Rowan Hisayo Buchanan’s debut novel Harmless Like You centers on how children inherit identity. It follows Yuki Oyama, a young Japanese artist struggling to make it in America and her son Jay who, as an adult in the present day, must confront his mother’s abandonment. The novel was a New York Times Editor’s Choice and an NPR 2017 Great Read.
THE ASPEN INSTITUTE: How might fiction help us to explore contemporary issues?
ROWAN HISAYO BUCHANAN: Philosophers are, in their own way, fiction writers. Plato’s Cave is a very short story. This is no coincidence. Stories stretch our thinking. Much of the more poisonous rhetoric today seems to come from an unwillingness to feel for others. This makes books, especially books about and by people whose stories are underrepresented, all the more important.

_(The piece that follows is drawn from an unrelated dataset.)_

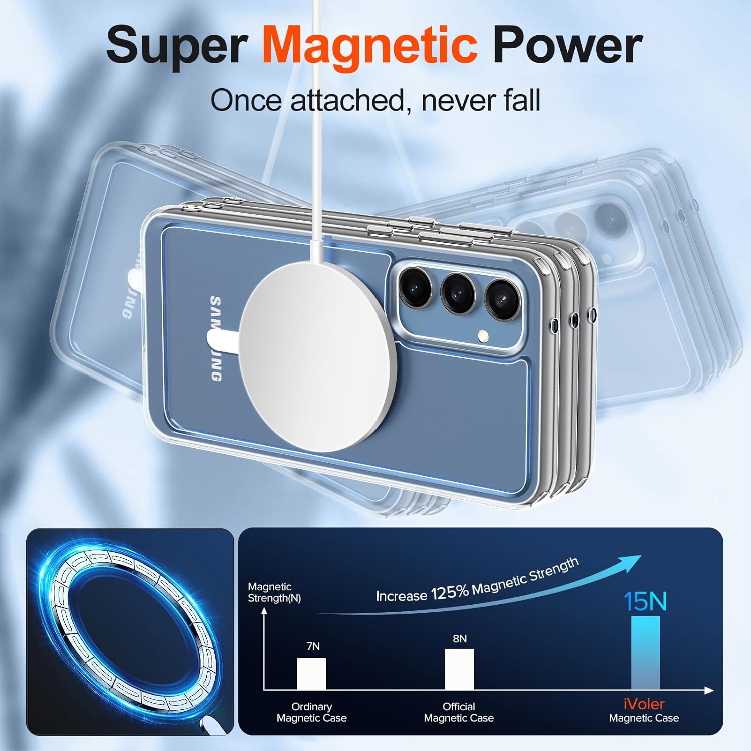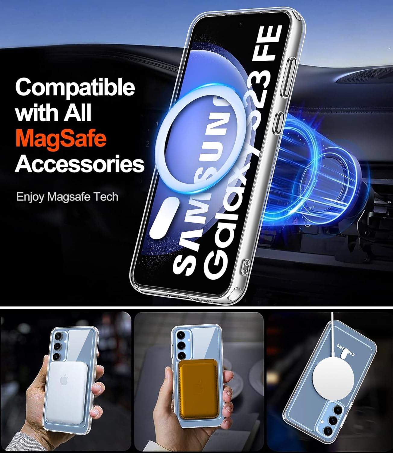ivoler Прозрачен магнитен калъф за Samsung Galaxy S23 FE 5G (Не е за Samsung S23), [Съвместим с MagSafe] [Военна защита] Удароустойчив прозрачен защитен калъф за мобилен телефон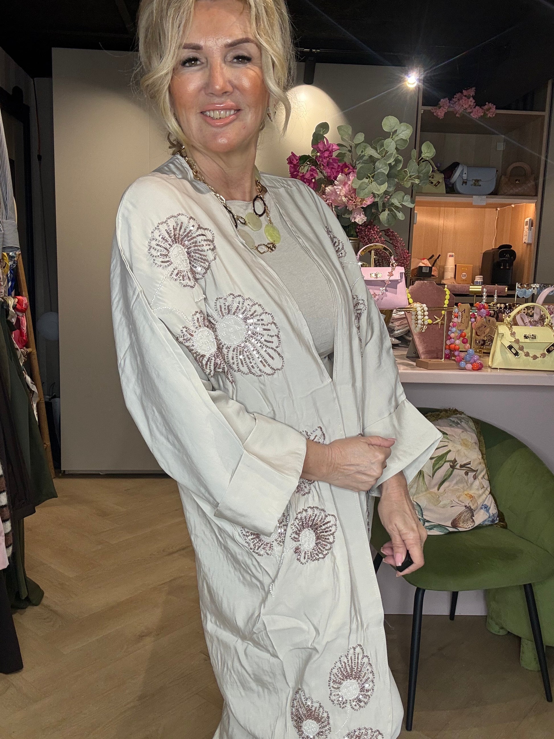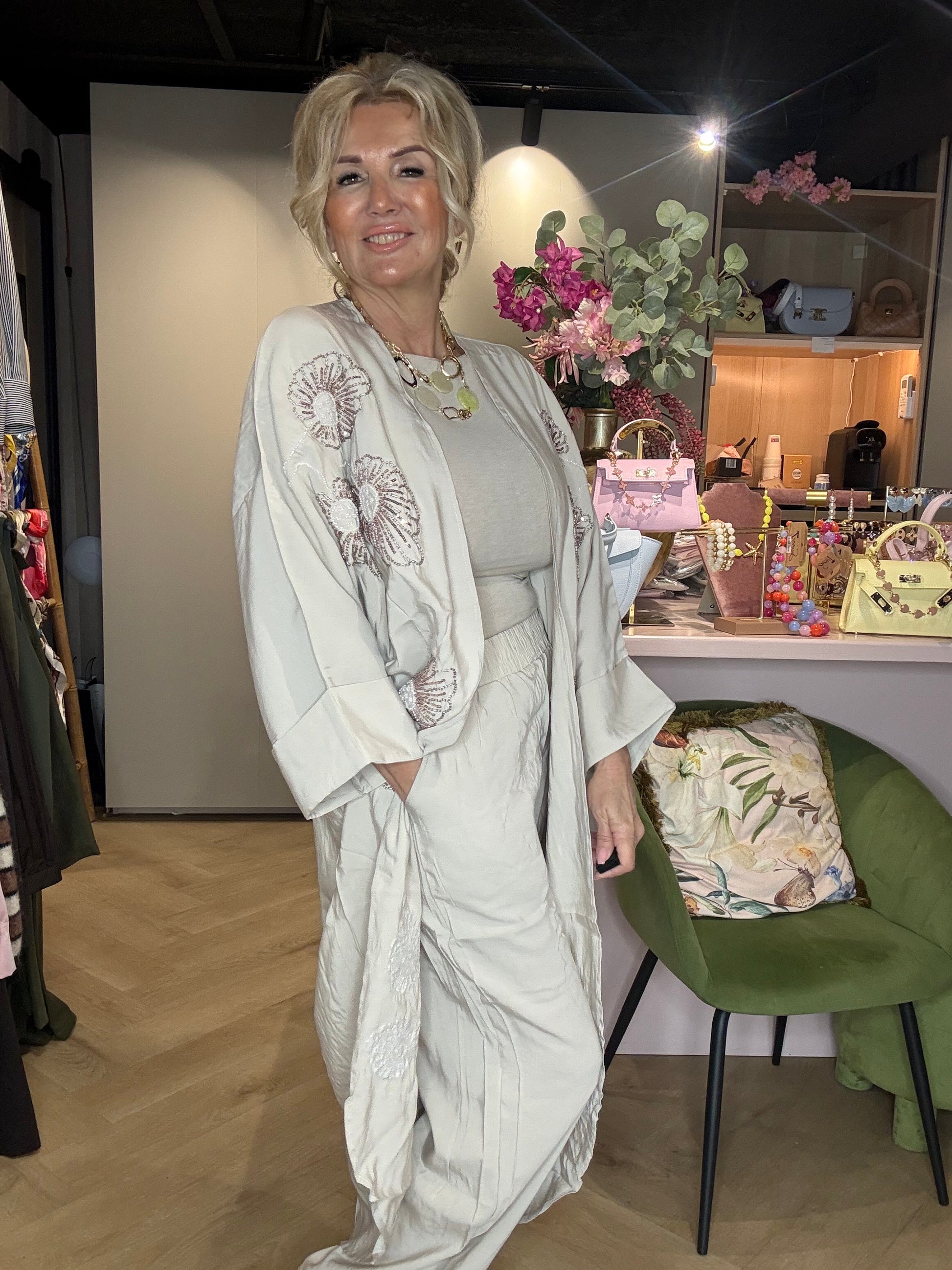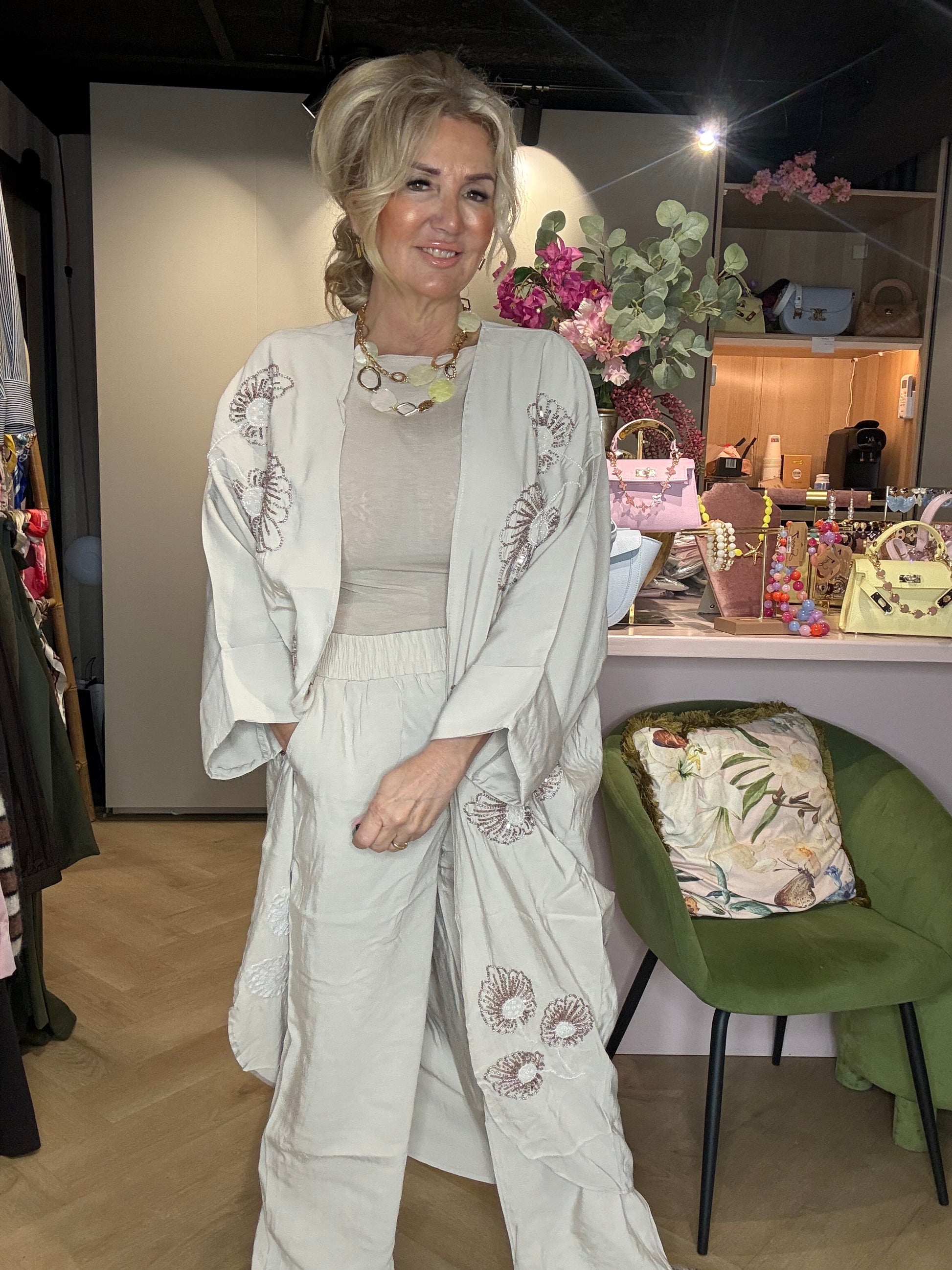 🌸 Tweedelige set: lange kimono + pantalon

When we leap into a character’s life, we enter a thought experiment. We put ourselves in different life circumstances. We see why actions that at first seem inexplicable are taken. We invest our hopes in the hopes of someone unlike ourselves. And when that character makes mistakes, instead of judging them we can choose to see that bad choices might be the result of a human pushed beyond the person’s capacity to cope.
Certainly, plenty of unkind people have enjoyed novels. But for those who read with a desire to be more empathetic, fiction can provide the training wheels. Fiction opens our minds to problems and dreams very different from our own. And hopefully that can help us treat each other with greater kindness.